By Ijaz Kakakhel
Capacity charges in the power sector reached Rs1.430 trillion during the 10 months of the fiscal year 2025-26, making up the major share of the country's generation cost and keeping pressure on electricity tariffs despite lower energy charges.
According to a document available with Wealth Pakistan, capacity charges stood at Rs1.430 trillion till April FY26, compared with energy charges of Rs1.023 trillion. Total generation cost during the 10 months reached Rs2.454 trillion. This means capacity payments accounted for 58% of total generation costs, while energy charges made up 42%.
Capacity charges are fixed payments made to power producers for keeping generation capacity available, whether or not electricity is fully purchased from them. Energy charges, on the other hand, are linked to actual electricity generation and fuel use. The latest figures show that fixed capacity payments have remained the dominant component of power generation costs.
The trend has become more visible over the last few years. In FY22, capacity charges were Rs829.108 billion against energy charges of Rs1.488 trillion, meaning energy charges were the larger part of the generation cost. However, the position changed in FY23 when capacity charges rose sharply to Rs1.306 trillion, slightly higher than energy charges of Rs1.271 trillion.
The burden increased further in FY24, when capacity charges climbed to Rs1.902 trillion, while energy charges declined to Rs1.189 trillion. Total generation cost also peaked at Rs3.091 trillion in FY24. In FY25, capacity charges eased slightly to Rs1.807 trillion, but they remained far above energy charges of Rs1.149 trillion.

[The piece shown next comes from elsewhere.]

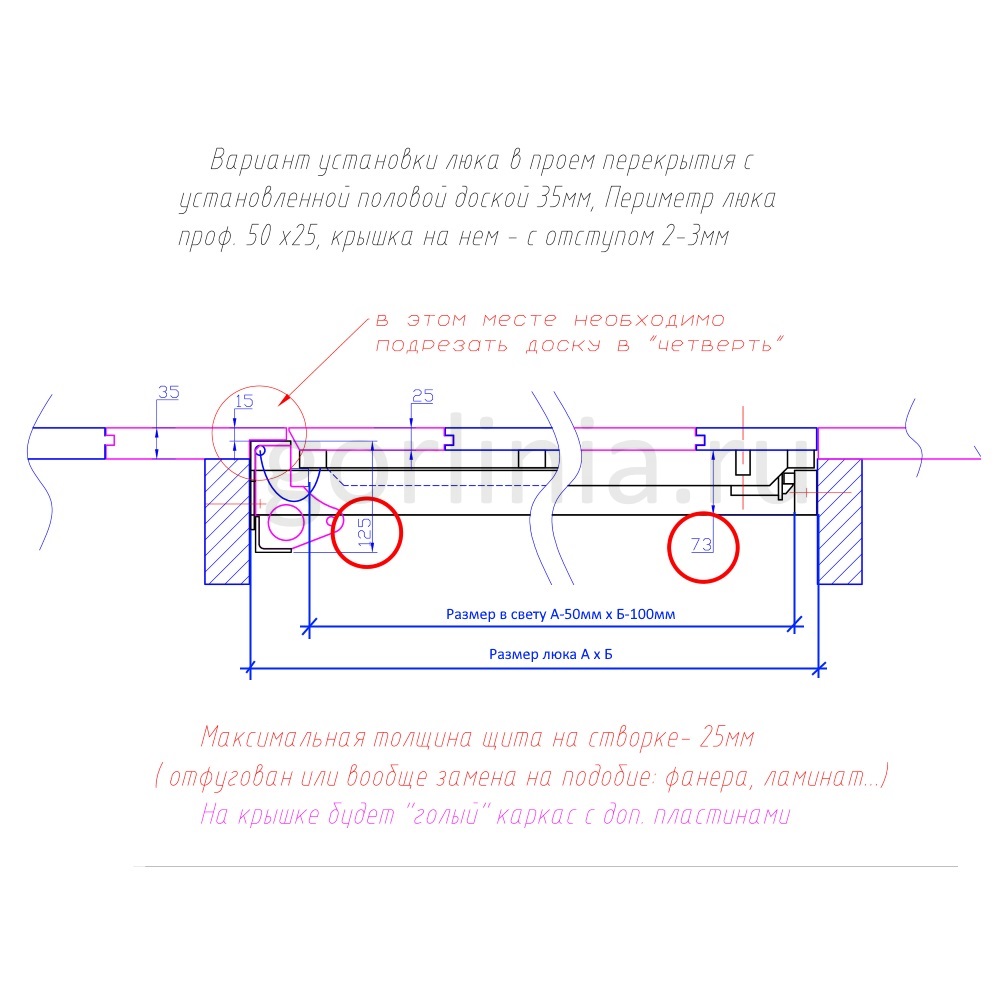 Скрытый короб из профиля 50х25 без наличника крепят в торец перекрытия на расчетную отметку над уровнем чистовых полов. Со стороны оси открывания на паразитку приходит деревянный пол до 35 мм с подрезкой в четверть 15 мм, отступом 4-6 мм от края полки по месту. Дверь обшивается доской 25 мм с запилом торца на угол, как на схеме, для свободного хода двери на газовых амортизаторах до угла распахивания 88° при зазоре 2-4 мм на петлевым узлом.

The data show that from FY22 to FY25, capacity charges more than doubled, rising from Rs829 billion to Rs1.807 trillion. During the same period, energy charges declined from Rs1.488 trillion to Rs1.149 trillion. This shift indicates that the cost pressure in the power sector increasingly comes from fixed payments rather than the cost of actual electricity generation.
For FY26 through April, the Rs1.430 trillion capacity charge bill has already reached about 79% of the FY25 full-year level. Total generation cost for the 10 months has also reached Rs2.454 trillion, equivalent to around 83% of the previous full-year cost.
Cumulatively, from FY22 to April FY26, total generation cost stood at Rs13.397 trillion. Out of this, capacity charges accounted for Rs7.276 trillion, while energy charges stood at Rs6.122 trillion. This means capacity charges made up more than half of the total generation cost during the period.
The figures highlight a major structural challenge for Pakistan's power sector. Even when energy charges decline, electricity costs may not fall significantly if capacity payments remain high. For consumers and policymakers, the key issue is no longer only fuel cost, but the growing weight of fixed generation payments in the overall power tariff.